> Your objective:
Which lines of the data below include the string "This"? Return each of them.

> Data provided:
|---|
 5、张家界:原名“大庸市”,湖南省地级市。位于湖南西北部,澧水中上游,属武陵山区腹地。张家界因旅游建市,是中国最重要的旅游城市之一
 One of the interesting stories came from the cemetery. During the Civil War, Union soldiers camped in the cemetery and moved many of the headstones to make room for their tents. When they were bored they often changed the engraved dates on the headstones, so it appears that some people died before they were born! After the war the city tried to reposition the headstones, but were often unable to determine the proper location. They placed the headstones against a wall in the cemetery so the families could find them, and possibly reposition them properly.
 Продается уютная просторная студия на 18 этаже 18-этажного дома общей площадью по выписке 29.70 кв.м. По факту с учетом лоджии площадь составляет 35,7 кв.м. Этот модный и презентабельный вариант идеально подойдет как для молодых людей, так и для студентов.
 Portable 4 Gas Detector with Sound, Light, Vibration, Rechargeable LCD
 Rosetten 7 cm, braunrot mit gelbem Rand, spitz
|---|
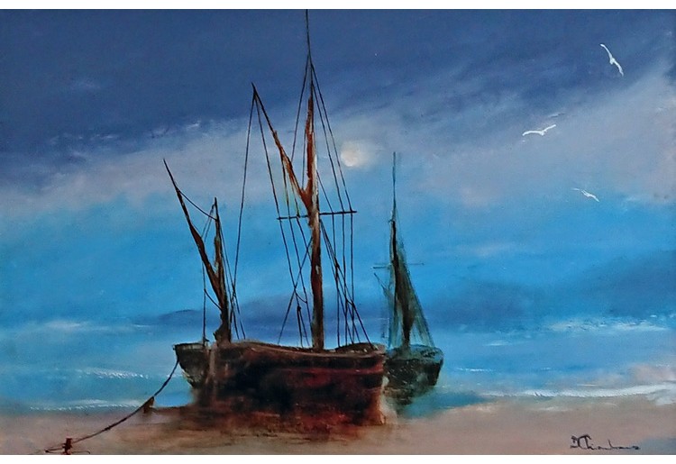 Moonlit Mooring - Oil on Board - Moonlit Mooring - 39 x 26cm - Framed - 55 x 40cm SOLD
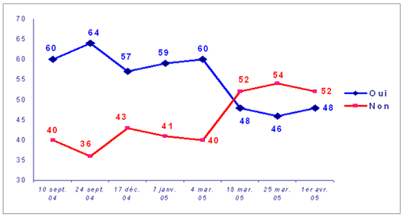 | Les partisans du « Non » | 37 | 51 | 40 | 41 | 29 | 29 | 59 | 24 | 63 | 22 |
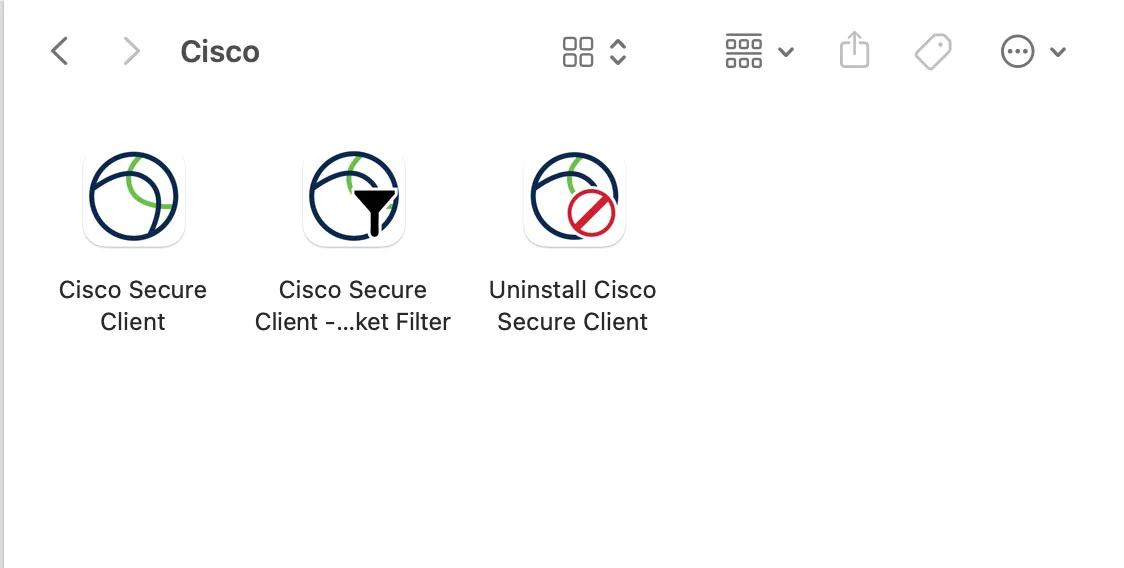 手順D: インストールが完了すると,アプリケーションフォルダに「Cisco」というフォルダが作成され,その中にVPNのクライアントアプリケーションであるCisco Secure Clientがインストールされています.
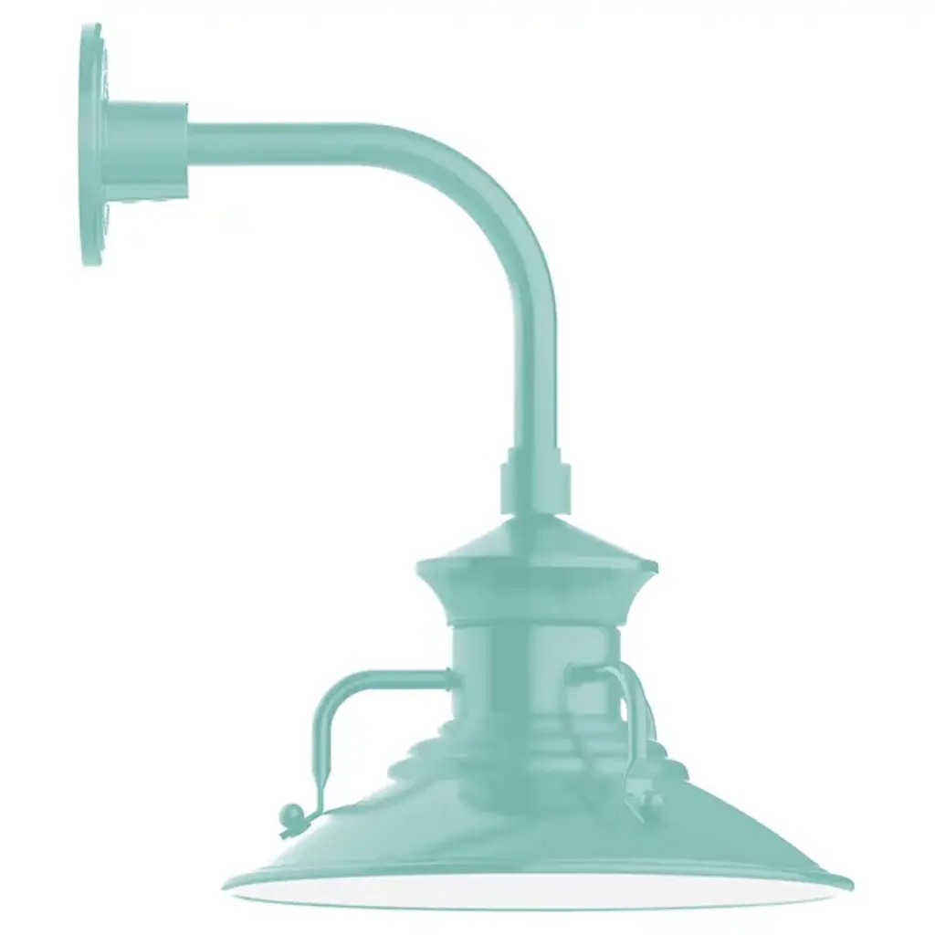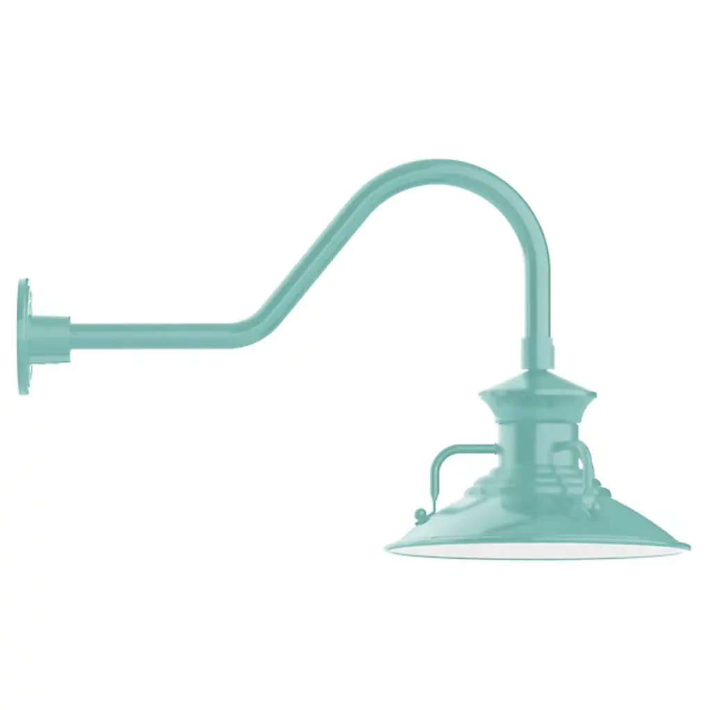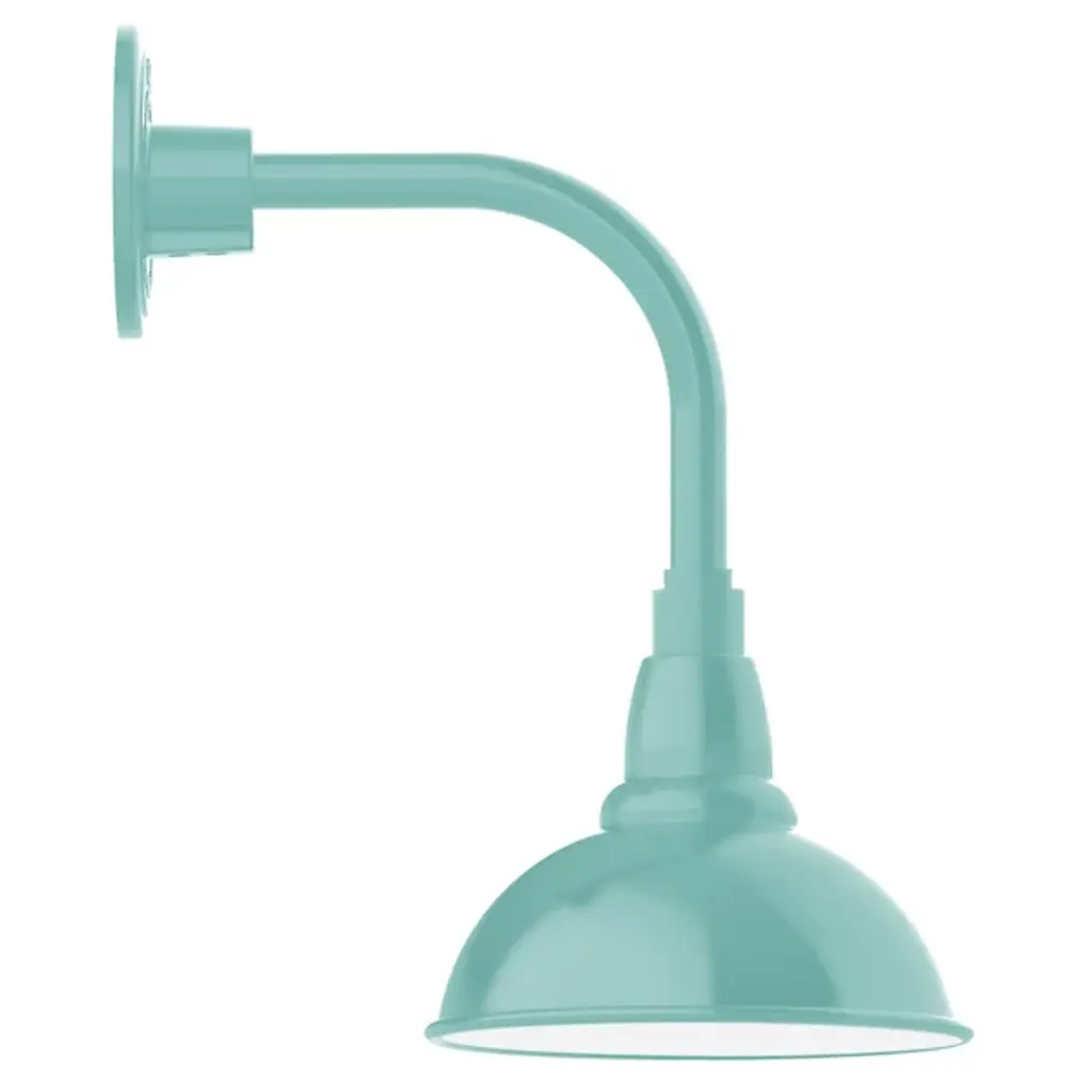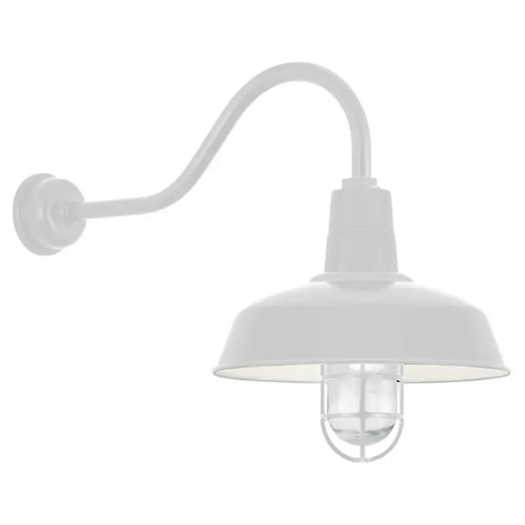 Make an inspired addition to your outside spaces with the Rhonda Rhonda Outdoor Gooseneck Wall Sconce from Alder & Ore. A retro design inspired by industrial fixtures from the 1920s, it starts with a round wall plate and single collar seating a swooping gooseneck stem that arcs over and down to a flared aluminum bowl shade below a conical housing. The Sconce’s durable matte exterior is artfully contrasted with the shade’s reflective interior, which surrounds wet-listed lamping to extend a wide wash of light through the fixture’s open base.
|---|
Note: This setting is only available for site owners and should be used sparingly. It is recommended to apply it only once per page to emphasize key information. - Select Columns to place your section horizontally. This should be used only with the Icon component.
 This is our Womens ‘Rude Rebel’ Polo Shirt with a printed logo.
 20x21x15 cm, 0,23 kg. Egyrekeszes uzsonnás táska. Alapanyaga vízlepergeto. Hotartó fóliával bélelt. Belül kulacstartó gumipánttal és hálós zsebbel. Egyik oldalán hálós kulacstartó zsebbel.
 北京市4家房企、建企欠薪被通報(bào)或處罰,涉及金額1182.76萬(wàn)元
|---|
> Solution to the exercise:
Note: This setting is only available for site owners and should be used sparingly. It is recommended to apply it only once per page to emphasize key information. - Select Columns to place your section horizontally. This should be used only with the Icon component.
 This is our Womens ‘Rude Rebel’ Polo Shirt with a printed logo.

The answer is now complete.